Он снял фуфайку, повесил ее на гвоздь и полез под стол у окна. Вылез с каркасом шлема, собранным из стальных пластинок.

– Вот, видал? Я потом обтяну его серебряной бумагой, будет настоящий, как у Александра Невского…

Долька говорил еще что-то, но я уже не слушал его. Я глаз не мог оторвать от ученической тетради – обыкновенной тетради, которая лежала на столе поверх стопки учебников. На синей обложке ее старательным школьным почерком было выведено: «Тетрадь по арифметике ученика 5-го класса „А“ школы № 4 Адольфа Смирнова».

Наша вторая жизнь

Среди моих сверстников и одноклассников немало было таких, чьи имена и фамилии звучали довольно странно. Были Рудольф Иванов, Руфин Гусев, Генрих Михайлов, Роберт Кузнецов… Но ни одно из этих чужих имен в сочетании с русской фамилией не поразило меня так, как два слова на обложке школьной тетради – Адольф Смирнов, ни одно так не спорило с фамилией, как это имя. Так вот что значит простое, мальчишеское Долька. Это Адольф.

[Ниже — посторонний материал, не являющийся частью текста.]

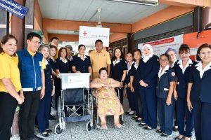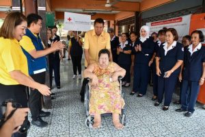 ณ ศาลาประชาคมที่ว่าการอำเภอเมืองชลบุรี ผู้ว่าราชการจังหวัดชลบุรี พร้อมด้วย นายกเหล่ากาชาดจังหวัดชลบุรี และคณะ ได้มอบถุงยังชีพให้แก่ผู้ด้อยโอกาส ผู้ยากไร้ ผู้สูงอายุ ผู้ป่วยติดเตียง และผู้พิการ จำนวน 200 ถุง และมอบรถวีลแชร์และอุปกรณ์ของใช้จำเป็นให้แก่ผู้สูงอายุ ผู้พิการ และผู้ป่วยยากไร้ จำนวน 46 ราย จากนั้น ได้ลงพื้นที่เพื่อพูดคุยให้กำลังใจพร้อมมอบที่นอนลมป้องกันแผลกดทับและอุปกรณ์ของใช้จำเป็นให้แก่ผู้ด้อยโอกาส ผู้สูงอายุ และผู้ป่วย กลุ่มเป้าหมาย จำนวน 2 ราย ดังนี้ นายเอกชัย จันทร์สูง บ้านเลขที่ 98/1 ม.1 ตำบลเสม็ด และนางอุษา โอคุโบะ บ้านเลขที่ 98/10 ม.7 ตำบลห้วยกะปิ โดยมีนายวรจักร สถาพรภิญโญ นายอำเภอเมืองชลบุรี ผู้บริหาร อปท. กำนัน/ผู้ใหญ่บ้าน ให้การต้อนรับคณะและลงพื้นที่ฯหลังจากนั้นเดินทางไปยัง ณ ศาลาประชาคม (หลังเล็ก) ที่ว่าการอำเภอศรีราชา ผู้ว่าราชการจังหวัดชลบุรี พร้อมด้วย นายกเหล่ากาชาดจังหวัดชลบุรี และคณะ ได้มอบถุงยังชีพให้แก่ผู้ด้อยโอกาส ผู้ยากไร้ ผู้สูงอายุ ผู้ป่วยติดเตียง และผู้พิการ จำนวน 200 ถุง และมอบรถวีลแชร์และอุปกรณ์ของใช้จำเป็นให้แก่ผู้สูงอายุ ผู้พิการ และผู้ป่วยยากไร้ จำนวน 33 ราย จากนั้น ได้ลงพื้นที่เพื่อพูดคุยให้กำลังใจพร้อมมอบที่นอนลมป้องกันแผลกดทับ, รถวิลแชร์สิ่งของอุปกรณ์และของใช้จำเป็นให้แก่ผู้ด้อยโอกาส ผู้สูงอายุ และผู้ป่วยกลุ่มเป้าหมาย จำนวน 2 ราย ดังนี้ น.ส.สายหยุด แสงทอง บ้านเลขที่ 9 ซ.สถิตพลจอมพล ต.ศรีราชา และนางสุนทรี ศิริตันหยง บ้านเลขที่ 18/11 ซ.จุลินทร์และมิตร ถ.เจิมจอมพล ต.ศรีราชา โดยมีนายนพรัตน์ ศรีพรหม นายอำเภอศรีราชา ผู้บริหาร อปท. กำนัน/ผู้ใหญ่บ้าน ให้การต้อนรับคณะและร่วมลงพื้นที่ฯภายหลังการลงพื้นที่ ผู้ว่าราชการจังหวัดชลบุรี ได้กล่าวขอบคุณทุกภาคส่วนที่ร่วมมือกันช่วยเหลือบรรเทาความเดือดร้อนและสร้างโอกาสให้แก่ผู้ด้อยโอกาส ผู้ยากไร้ ผู้ป่วย และผู้สูงอายุ ได้มีโอกาสในการพัฒนาและดำรงชีวิตให้ดีขึ้นกว่าเดิม และได้กล่าวเพิ่มเติมว่า หากประชาชนในพื้นที่ต้องการความช่วยเหลือด้านอื่น ๆ ที่มีความจำเป็นเพิ่มเติม สามารถติดต่อขอความช่วยเหลือมาได้ที่สำนักงานเหล่ากาชาดจังหวัดชลบุรีได้ตลอดเวลา โดยจะมีคณะกรรมการเหล่ากาชาดจังหวัดชลบุรี และสมาชิกเหล่ากาชาดอำเภอ จะลงไปให้ความช่วยเหลือโดยทันที

Я снова взглянул на Дольку, на его наклоненное к шлему одутловатое, хмурое лицо, и решил, что никогда не обзову его так, как Генка. Может, с этого и началась наша дружба о Долькой. А может, нас свела одна общая страсть – кино.

Мы бегали в старый фабричный клуб, на втором этаже которого, в полутемных коридорах, висели портреты бородатых витязей в кольчугах и шлемах, а на первом размещался небольшой кинозал. Мы вместе смотрели «Александра Невского», а потом вырезали из жесткой фибры полумаски псов-рыцарей с рогами, головой орла или когтистой лапой коршуна; мы вместе играли в Ледовое побоище на замерзшем, заметенном февральскими снегами потоке.

В те годы часто отключали свет. Сеанс обрывался на самом интересном месте, желтел и гас экран, мы топали, свистели и хлопали сиденьями, пока старенькая контролерша не открывала двери. Блеклый зимний свет двумя полосами падал на ряды, где мальчишки и девчонки Нижнего двора, плохо одетые, бледные, исхудалые, но веселые, забывшиеся на полтора часа, вертели головами, смеялись, спорили, колотили друг друга, Одни выбегали на улицу и кружили возле дверей по голубым сугробам, другие, у кого были хорошие места, оставались в зале и, привстав, поглядывали на тусклые окошечки аппаратной.

В один из таких перерывов я осторожно спросил Дольку, кто дал ему такое имя, Он нахмурился и нехотя ответил:

– Папка, кто же еще…

Долькин отец погиб на фронте. У них на комоде стояла его фотография. Растерянно смотрел с нее большой, нескладный человек. Долька был весь в него. Он говорил, что отец работал грузчиком на хлопковом складе – стальным крюком «валял» двухсоткилограммовые кипы.

Часто в такие перерывы я пересказывал Дольке книги, которые прочитал. Он слушал, не перебивая, несколько недоверчиво и, казалось, не очень внимательно. Бывало, в разгар какой-нибудь сказочной истории в окошечках аппаратной вспыхивал свет, вся орава мальчишек и девчонок кидалась на свои места, и в темноте, с экрана, прямо на нас, снова тяжело и стремительно надвигались железные всадники с хищными пиками, в белых плащах с черными крестами…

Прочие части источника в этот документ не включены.